@edwinfom/ai-guard is a security middleware for AI API responses — one wrapper for PII redaction, schema enforcement, prompt injection detection, canary tokens, content policy, hallucination detection, budget sentinel, rate limiting, and audit logging.

@edwinfom/ai-guard

A security middleware for AI API responses — PII redaction, schema enforcement, prompt injection detection, budget sentinel, and more.

npm version license typescript

The Problem

When integrating AI APIs (OpenAI, Anthropic, Gemini) into production applications, developers face recurring pain points with no standardized solution:

  • Malformed JSON — LLMs sometimes wrap responses in markdown fences or add explanatory text, crashing your pipeline.
  • PII leakage — Users send passwords or card numbers in prompts. AI responses can echo back sensitive data from your RAG database.
  • Prompt injection — Malicious users try to override your system prompt with "Ignore all previous instructions…"
  • System prompt theft — An attacker tricks the AI into repeating your confidential instructions.
  • Toxic or harmful content — No built-in content moderation between the LLM and your users.
  • Hallucinations in RAG — The AI invents facts not present in your source documents.
  • Surprise billing — Token usage spikes without any warning or hard limit.
  • Abuse — A single user floods your endpoint with requests.

@edwinfom/ai-guard acts as a security membrane between your application and any AI provider.

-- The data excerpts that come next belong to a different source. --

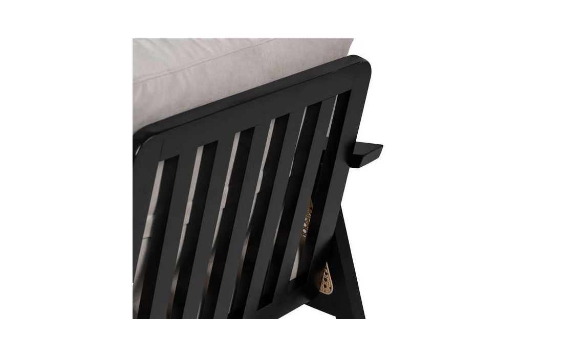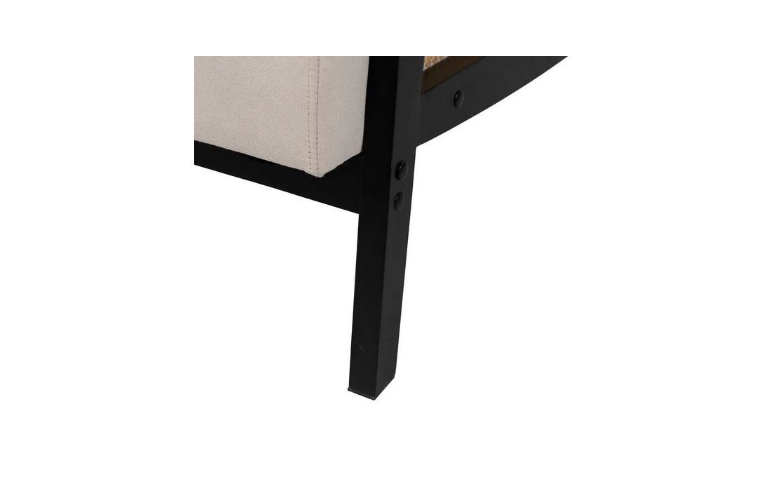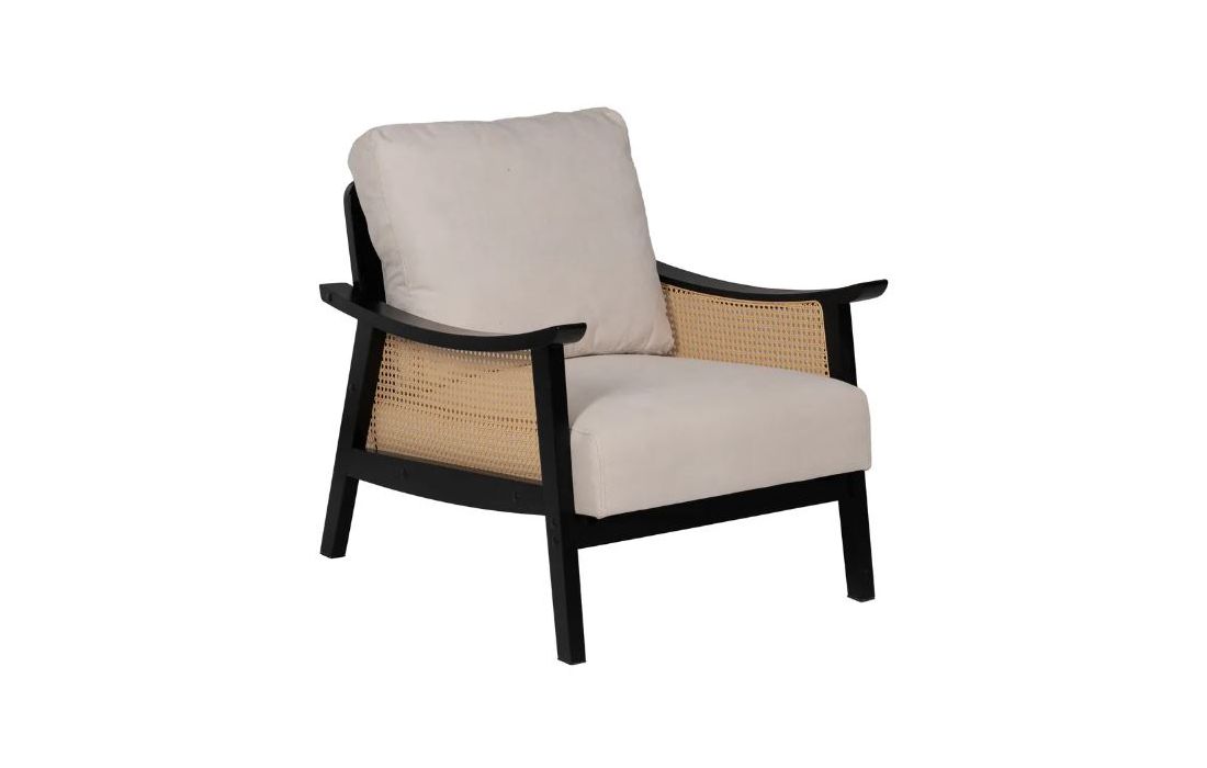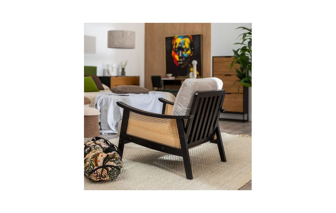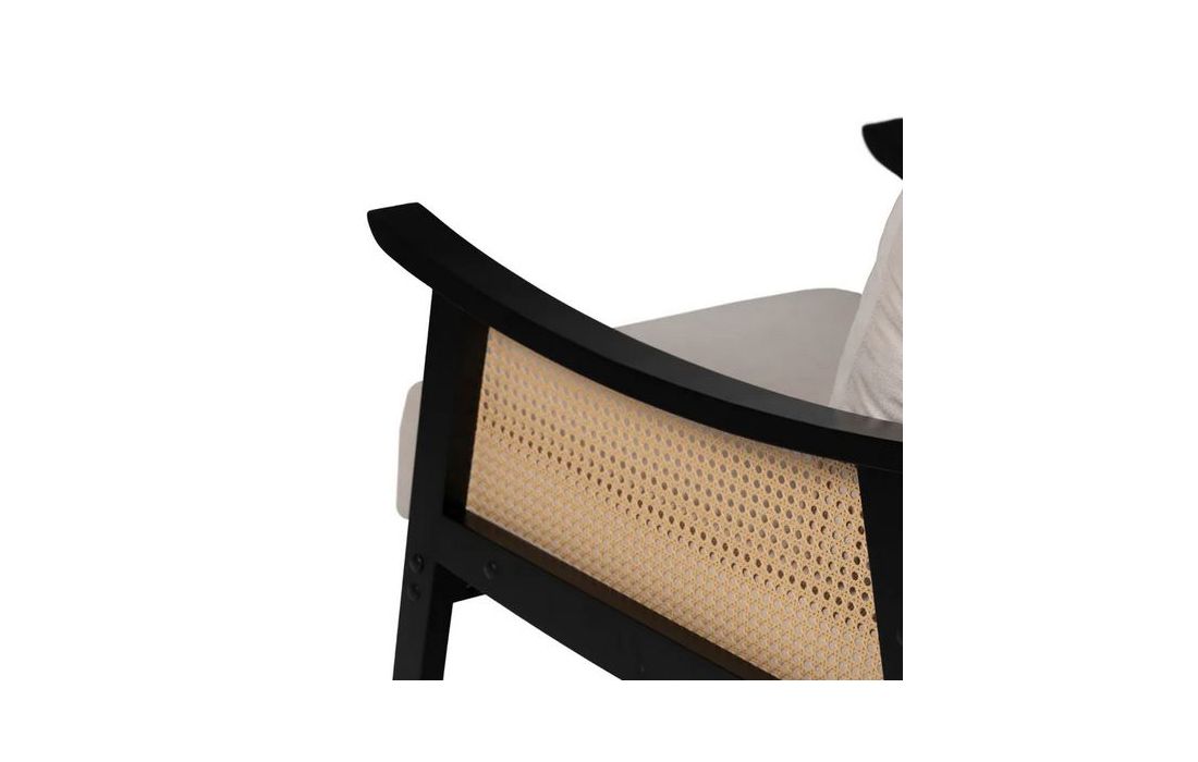 Poltrona com estrutura em madeira de caucho e palhinha, estofada em tecido 100% poliéster cor branca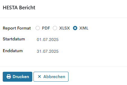 Der HESTA-Bericht kann nun nicht nur im PDF-Format, sondern auch im XML-Format generiert und anschließend an die Behörden übermittelt werden.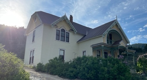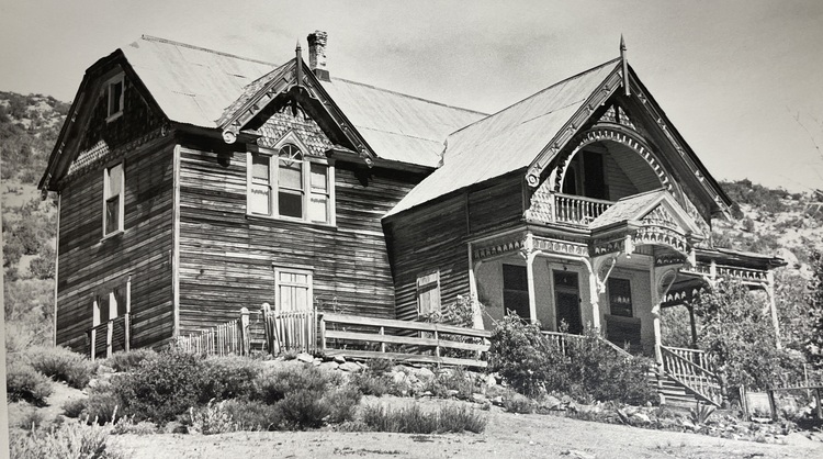 Continue up Morning Star Street. On your right high on the hill is the Stoddard Mansion. One of Silver City’s most beautiful homes, the Stoddard Masion was built in the early 1870s by John Stoddard, a young man from Iowa who came to the area to seek his fortune after serving in the Civil War. While prospecting in the area, he accidently kicked some rocks and discovered a rich lode of gold near DeLamar. He met his wife Mary McMahon on one of his trips to the area, and they were married in the house on September 18, 1870. Stoddard and William Townsend owned a lumber mill near town and used the wood to build the large home. Trim work and “gingerbread” finishes were the handywork of German-born carpenter Otto Patschek, a skilled cabinetmaker of Silver City who also did work on the Lippincott Building and built the cabinet for Colonel W. H. Dewey now displayed in the Owyhee County Historical Museum in Murphy.

One wrapper, all protections.

import { Guardian } from '@edwinfom/ai-guard';
import { z } from 'zod';
 
const guard = new Guardian({
  pii:          { onInput: true, onOutput: true },
  schema:       { validator: z.object({ city: z.string(), temp: z.number() }), repair: 'retry' },
  injection:    { enabled: true, sensitivity: 'medium' },
  content:      { enabled: true, sensitivity: 'medium' },
  canary:       { enabled: true },
  hallucination:{ sources: [ragDocument1, ragDocument2] },
  budget:       { maxTokens: 2000, maxCostUSD: 0.05, model: 'gpt-4o-mini' },
  rateLimit:    { maxRequests: 10, windowMs: 60_000, keyFn: (p) => getUserId(p) },
  onAudit:      (entry) => logger.info(entry),
});
 
const result = await guard.protect(
  (safePrompt) => openai.chat.completions.create({ model: 'gpt-4o-mini', messages: [{ role: 'user', content: safePrompt }] }),
  userPrompt
);
 
console.log(result.data);              // typed by your Zod schema
console.log(result.meta.budget);       // { totalTokens: 312, estimatedCostUSD: 0.000047 }
console.log(result.meta.piiRedacted);  // [{ type: 'email', value: 'user@...', ... }]
console.log(result.meta.canaryLeaked); // false — system prompt was not leaked

Features

Feature Description
PII Redaction Emails, phones, credit cards (Luhn-validated), SSNs, IBANs, IPs, URLs + French NIR, SIRET, SIREN, passports, dates of birth
3-Level Schema Repair Strip markdown → jsonrepair (100+ broken patterns) → LLM retry
Injection Detection 15+ curated attack patterns with configurable sensitivity
Canary Tokens Invisible tokens detect if the LLM leaked your system prompt
Content Policy Toxicity, hate speech, violence, self-harm, sexual content
Hallucination Detection Named-entity grounding check against your RAG source documents
Budget Sentinel Token counting + real cost for 10 models, hard limits + warnings
Rate Limiter Per-user sliding-window request and token limits
Audit Log Structured callback after every protect() call
Streaming Support protectStream() — works with Vercel AI SDK, OpenAI streams, AsyncIterable
Dry-run Inspect inspect() — full risk report without blocking
Provider Agnostic OpenAI, Anthropic, Gemini, or any custom adapter
Tree-Shakeable Import only what you need via sub-paths
Zero mandatory deps Zod is optional. jsonrepair is the only runtime dependency.

What makes @edwinfom/ai-guard different?

Most teams bolt security on after the fact — rate limiting in nginx, PII scrubbing in a post-processing step, schema validation inline. @edwinfom/ai-guard is the first JavaScript library that puts all AI-specific security concerns in one composable, typed wrapper.